In the field of electronics, the EF50 is an early all-glass wideband remote cutoff pentode designed in 1938 by Philips. It was a landmark in the development of vacuum tube technology, departing from construction techniques that were largely unchanged from light bulb designs. [1] Initially used in television receivers, it quickly gained a vital role in British radar, and great efforts were made to secure a continuing supply of the device as Holland fell in World War II.

Contents

The EF50 tube is a 9-pin Loctal-socket device with short internal wires to nine short chromium-iron pins. The short wiring was key to making it suitable for Very High Frequency (VHF) use. [2]

History

Early tube construction

Early vacuum tubes were built using light bulb techniques, which had been highly automated by the 1920s. In a standard light bulb of the era, the tungsten filament was supported on two metal rods, which were fastened together by inserting them into a glass tube and then heating the glass and squeezing it flat with the rods inside. The resulting support was known as the "glass pinch". The pinch was then inserted into a larger glass envelope, the bulb itself, welded, and then fit with a metal cap for the electrical connections.

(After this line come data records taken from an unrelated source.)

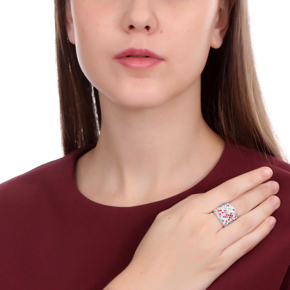 Delicado anillo en baño de oro blanco de 18 quilates, hermosos diseño, con incrustación de cristales en colores.
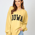 Our best seller! The oversized Iowa Hawkeyes Corded Crew sweatshirt features a super soft, vintage wash corded fabric. Ribbed crew neckline, cuffs, and hemline. Each piece is individually dyed, so please note there may be variation in color piece to piece. Sometimes, there can be a light streak at the shoulder due to the unique dye process, which is common.
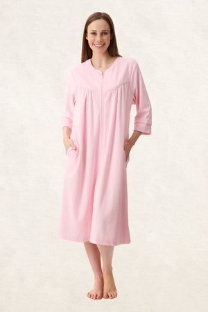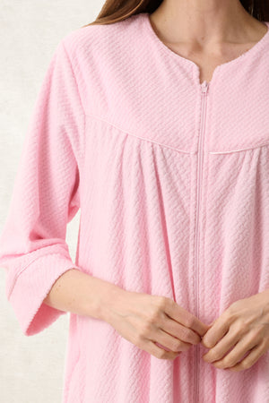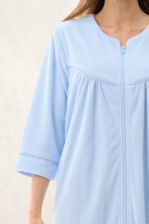 Wrap yourself in pure luxury with this self jacquard knit towelling zip gown. With 3/4 length sleeves, a zip front opening and a gathered yoke, this effortless design is the perfect summer weight gown. Pretty satin piping trim and side inset pockets
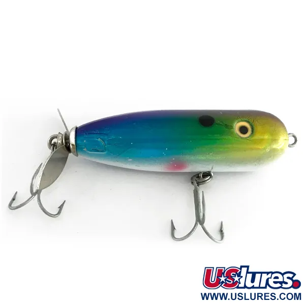 Levendige regenboogtinten kenmerken de afwerking van dit 6,5 cm (2 1/2") oppervlaktekunstaas, waarbij goudgeel bij de neus overgaat in weelderig groen, blauw en een diep violette bovenkant. Dit exemplaar van het merk Producers, herkenbaar aan productcode 8297, is een klassiek Amerikaans topwater-gereedschap ontworpen om oppervlakte-turbulentie te genereren. Een roestvrijstalen propeller aan de achterzijde zorgt voor opspattend water, terwijl een interne ratelkamer een ritmisch geluid produceert tijdens het binnenvissen. Het slanke, langgerekte lichaam is voorzien van twee scherpe dreggen die zijn bevestigd met schroefogen. Een duidelijke zwarte stip bevindt zich achter de kop, met een klein roze aanvalspunt op de witte buik. De geschilderde gele ogen met donkere pupillen geven de taps toelopende neus een traditionele uitstraling. Met een conditiescore van 5/5 is het exemplaar opmerkelijk schoon, met heldere lak en glanzende metalen onderdelen. Met een gewicht van 9,5 g (1/3 oz) biedt het de nodige massa voor nauwkeurige worpen gericht op rovers in de kantzone.
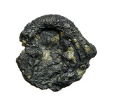 Obverse: Herakles sitting on the rock, left, at right. At left, a tripod. Countermark of stork and lizard.
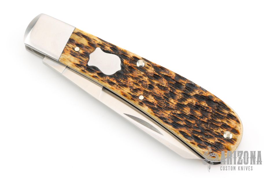 A Case and Tony Bose collaboration from 2006, this Cotton Sampler slipjoint has a satin finish blade with nail nick. Stainless bolsters, burnt stag covers, stainless liners and spring. Case number TB612006. Comes with original box, and zipper case signed by Tony Bose. Has a couple light scuffs, otherwise Excellent condition.
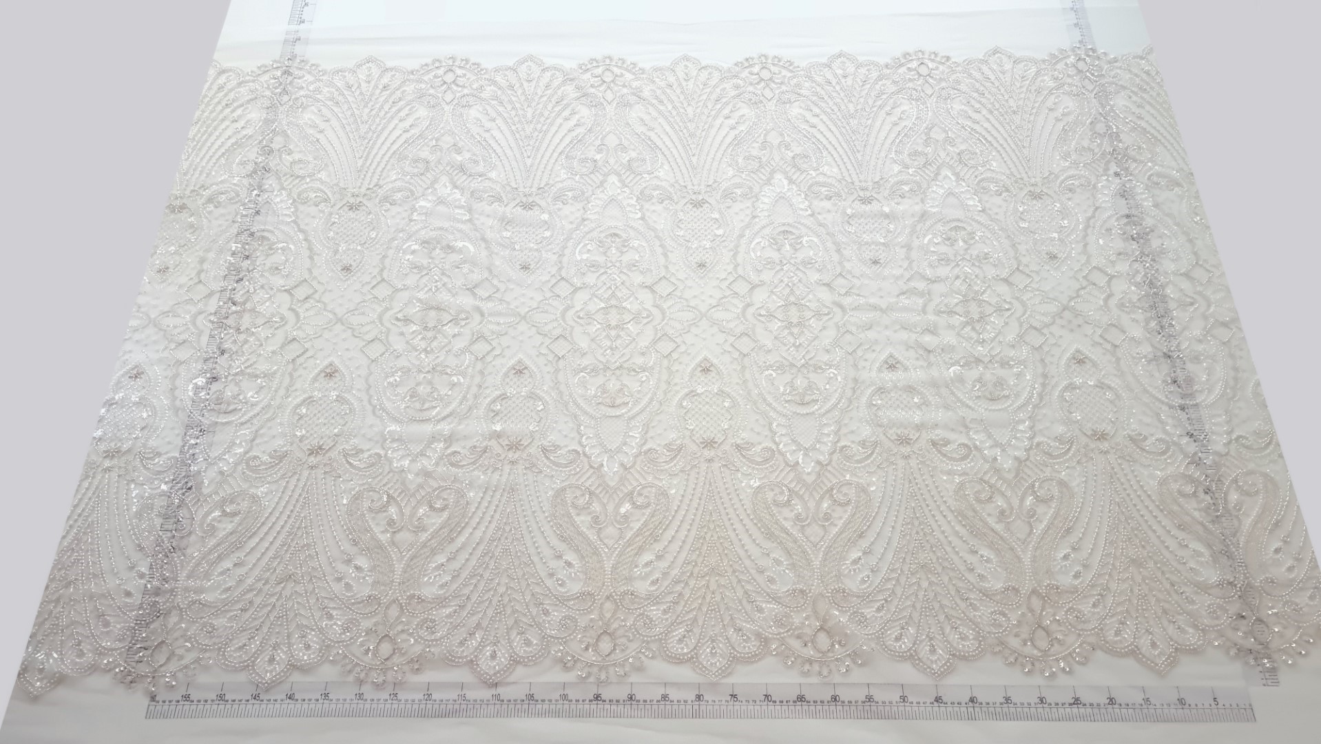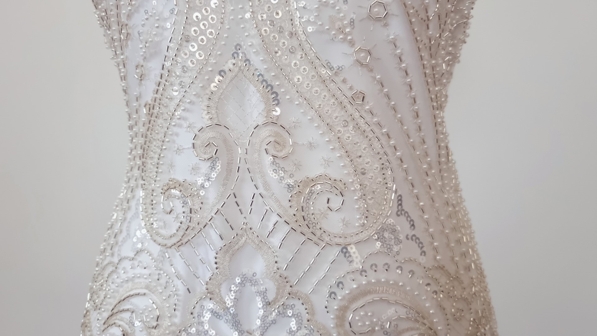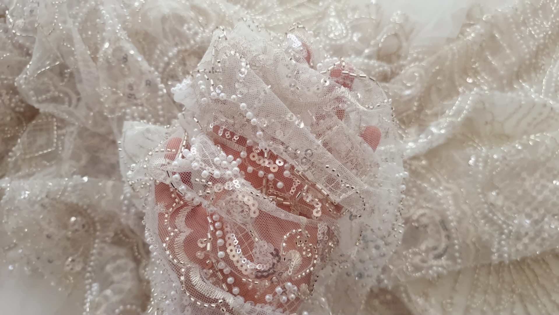 Broderie cu micropaiete transparente si argintii, margele tubulare si rotunde argintii, perle ivoire si insertii de fir metalizat, cusute pe tulle ivoire, usor elastic.

For vacuum tube use, little was changed, with the various internal components supported on rods which passed through the pinch. As tubes grew in complexity, the number of leads also grew. Since light bulb sizes were standardized, all of these had to pass through the same pinch, which placed them increasingly close to each other. This led to increased capacitance, which limited the tube's ability to work at high frequencies. To address this, to some degree at least, it became somewhat common to attach the control grid leads to a metal button at the top of the tube rather than the bottom, but this made construction much more complex, as well as making connections in radio sets more difficult as they could no longer be on a single circuit board.

VHF experiments

Through the early 1930s, a number of companies experimented with metal tubes, using a variety of sealing methods. These worked well, but tended to be rather large and were never able to be successfully mass-produced at low cost. RCA continued experiments with all-glass tubes and introduced their "acorn" (or "door knob") tubes late in 1934. These were essentially two half-tubes that were assembled separately, carefully folded together, and then sealed along the centerline. Despite using low-cost materials and construction, the manual assembly led to high costs. In Germany, Telefunken introduced the "Stahlröhre" (~steel tube) with its own issues.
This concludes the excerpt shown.